→ **Task statement**:
Look below for the line with "Photograph of a" and the line with "This super cute"; repeat exactly those two lines and all lines between them, but no pictures.

→ **Material supplied**:
● ● ● ● ●
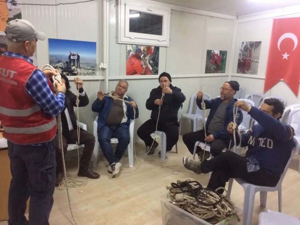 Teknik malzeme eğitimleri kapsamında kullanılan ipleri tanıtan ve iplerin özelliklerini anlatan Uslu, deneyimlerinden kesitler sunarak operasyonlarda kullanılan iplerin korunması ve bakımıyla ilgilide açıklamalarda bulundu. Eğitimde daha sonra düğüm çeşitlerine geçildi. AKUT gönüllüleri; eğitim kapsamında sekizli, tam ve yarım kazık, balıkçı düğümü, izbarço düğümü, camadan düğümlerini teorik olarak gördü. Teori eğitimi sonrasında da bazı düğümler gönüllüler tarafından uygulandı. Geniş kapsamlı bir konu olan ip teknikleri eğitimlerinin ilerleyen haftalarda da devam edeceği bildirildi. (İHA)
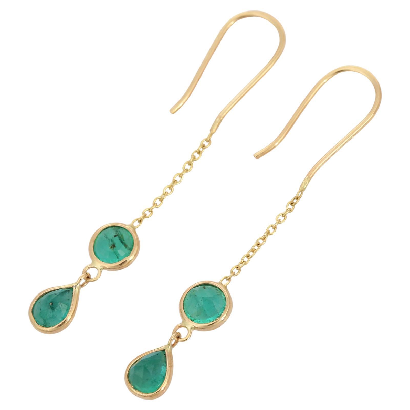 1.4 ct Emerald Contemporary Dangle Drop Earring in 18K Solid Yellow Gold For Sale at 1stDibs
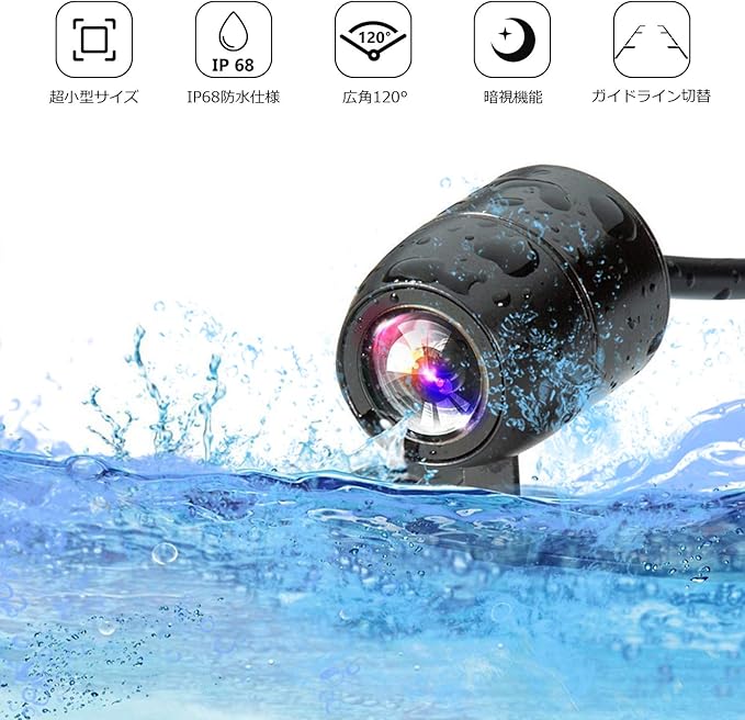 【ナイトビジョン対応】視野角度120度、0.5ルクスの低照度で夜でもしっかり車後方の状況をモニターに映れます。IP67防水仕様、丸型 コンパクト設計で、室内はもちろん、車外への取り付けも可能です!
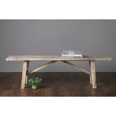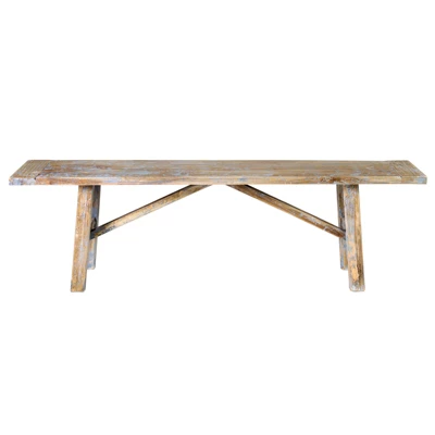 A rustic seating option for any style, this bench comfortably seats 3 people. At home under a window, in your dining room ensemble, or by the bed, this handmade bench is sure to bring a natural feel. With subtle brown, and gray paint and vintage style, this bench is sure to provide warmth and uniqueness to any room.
● ● ● ● ●
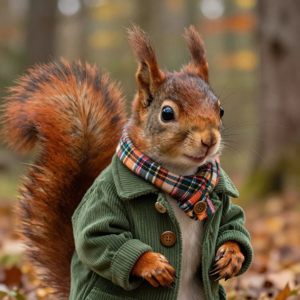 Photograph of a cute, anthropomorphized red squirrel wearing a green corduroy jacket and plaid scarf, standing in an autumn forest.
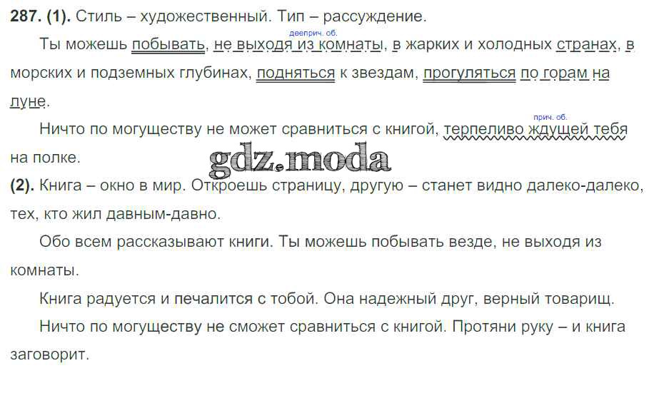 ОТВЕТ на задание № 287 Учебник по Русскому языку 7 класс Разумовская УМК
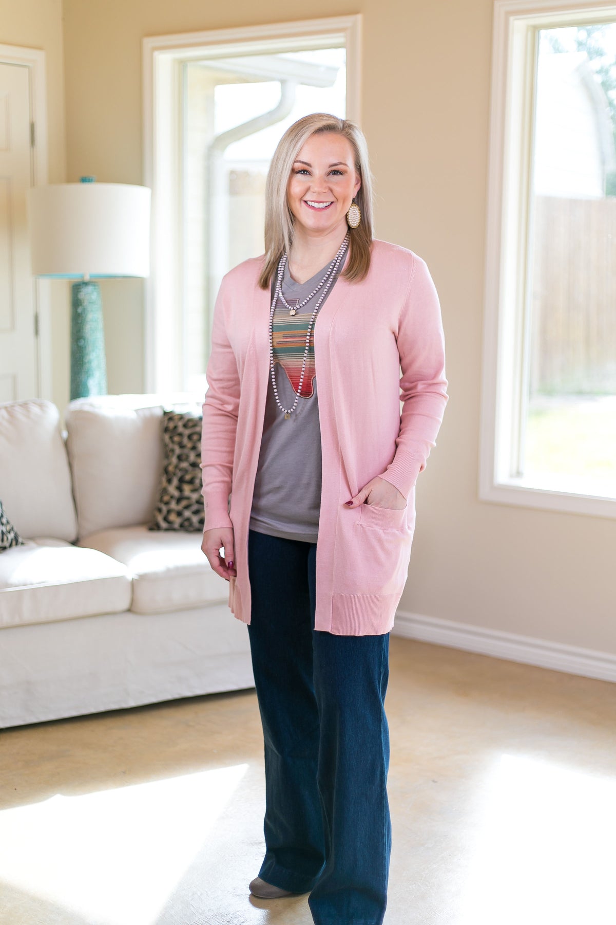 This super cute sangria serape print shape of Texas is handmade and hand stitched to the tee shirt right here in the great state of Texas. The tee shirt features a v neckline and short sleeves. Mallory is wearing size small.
● ● ● ● ●
→ **Expected answer**:
 Photograph of a cute, anthropomorphized red squirrel wearing a green corduroy jacket and plaid scarf, standing in an autumn forest.
 ОТВЕТ на задание № 287 Учебник по Русскому языку 7 класс Разумовская УМК
 This super cute sangria serape print shape of Texas is handmade and hand stitched to the tee shirt right here in the great state of Texas. The tee shirt features a v neckline and short sleeves. Mallory is wearing size small.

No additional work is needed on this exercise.